*Raw data*:
★ ★ ★ ★ ★ ★ ★
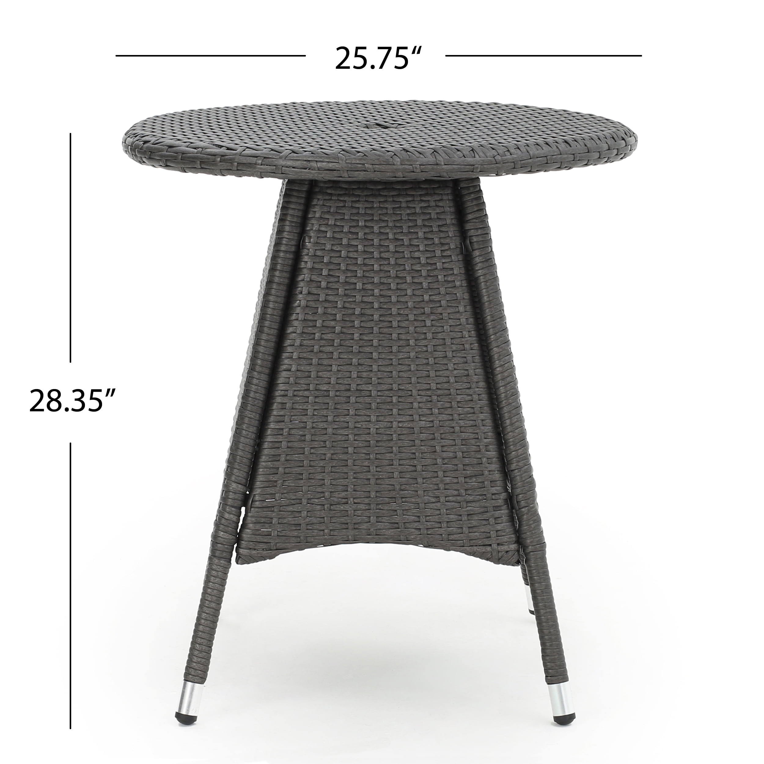 Hillsdale Outdoor 3 Piece Wicker Round Bistro Set with Cushions, Grey
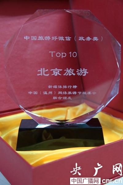 北京旅游官方微信獲“中國(guó)旅游好微信”TOP10獎(jiǎng)項(xiàng) 北京市旅游委供圖(央廣網(wǎng)記者 李文蕊 攝)
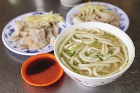 烏龍麵不論是湯的或是乾的都很推薦,我個人麵食類大都愛吃乾的,店家會詢問是否要加醬汁,熱麵帶出油蔥酥及調味的芹菜末香氣,烏龍麵條口感Q彈、扎實、不軟爛,這是我愛的口味。黑白切建議一定要點吸滿湯汁的油豆腐及吉古拉,還有天梯及小肚都處理得極好,配上薑絲再加上生辣椒醬,很夠味。
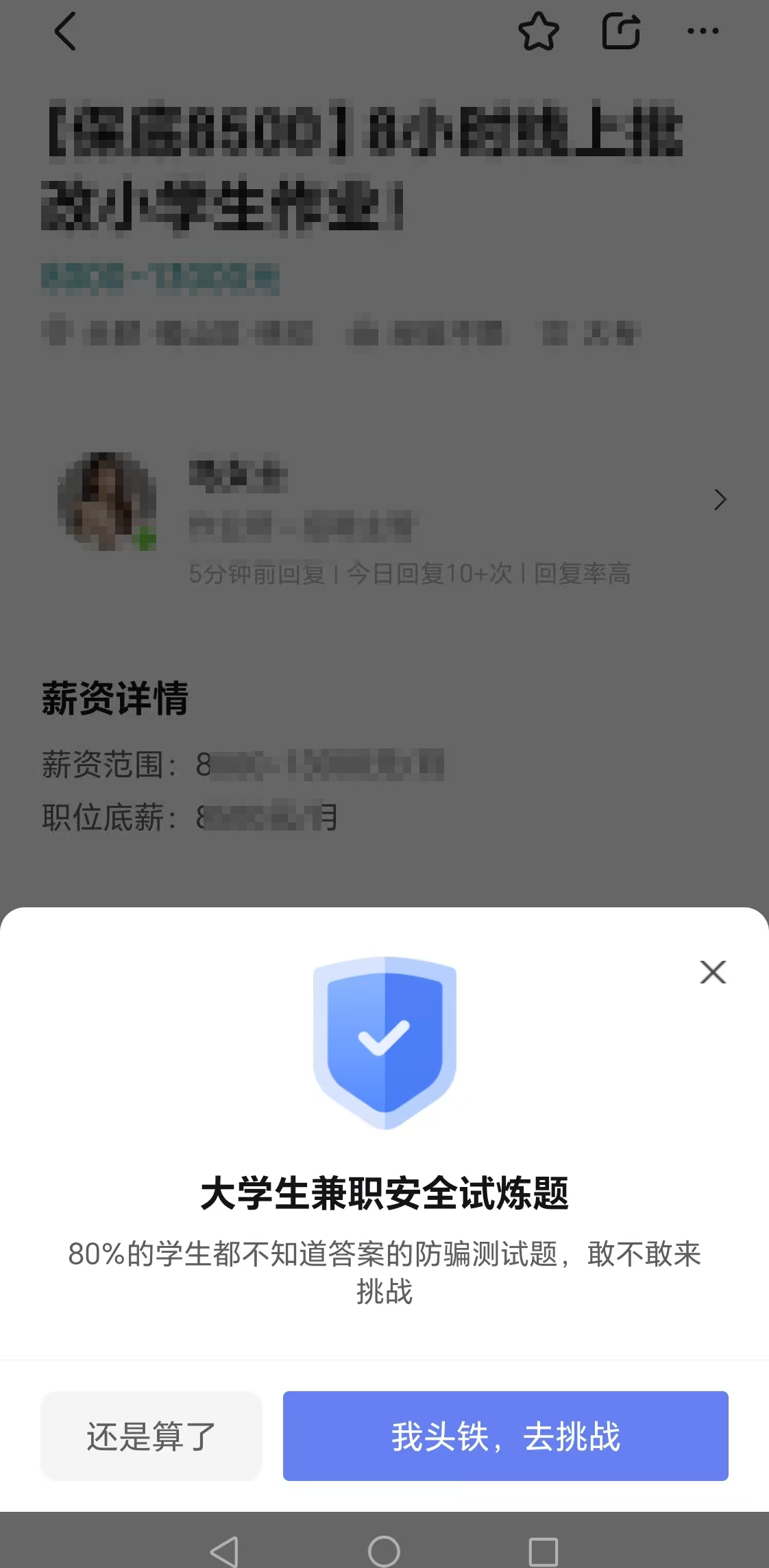 “五一”小长假将至,在北京读大三的小何早早制订了一个完美的假期计划——找份兼职干几天,小赚一笔零花钱,同时积累些社会实践经验。打开BOSS直聘查看兼职岗位,还没跟招聘者开聊,小何发现手机上先弹出一套《大学生兼职安全试炼题》,题目从付费内推到刷单返利、借号投票等,涵盖了多种兼职诈骗套路。
★ ★ ★ ★ ★ ★ ★
*Aim of the exercise*: Reproduce the whole listing above character for character; pictures do not belong in it.

*Final answer*:
 Hillsdale Outdoor 3 Piece Wicker Round Bistro Set with Cushions, Grey
 北京旅游官方微信獲“中國(guó)旅游好微信”TOP10獎(jiǎng)項(xiàng) 北京市旅游委供圖(央廣網(wǎng)記者 李文蕊 攝)
 烏龍麵不論是湯的或是乾的都很推薦,我個人麵食類大都愛吃乾的,店家會詢問是否要加醬汁,熱麵帶出油蔥酥及調味的芹菜末香氣,烏龍麵條口感Q彈、扎實、不軟爛,這是我愛的口味。黑白切建議一定要點吸滿湯汁的油豆腐及吉古拉,還有天梯及小肚都處理得極好,配上薑絲再加上生辣椒醬,很夠味。
 “五一”小长假将至,在北京读大三的小何早早制订了一个完美的假期计划——找份兼职干几天,小赚一笔零花钱,同时积累些社会实践经验。打开BOSS直聘查看兼职岗位,还没跟招聘者开聊,小何发现手机上先弹出一套《大学生兼职安全试炼题》,题目从付费内推到刷单返利、借号投票等,涵盖了多种兼职诈骗套路。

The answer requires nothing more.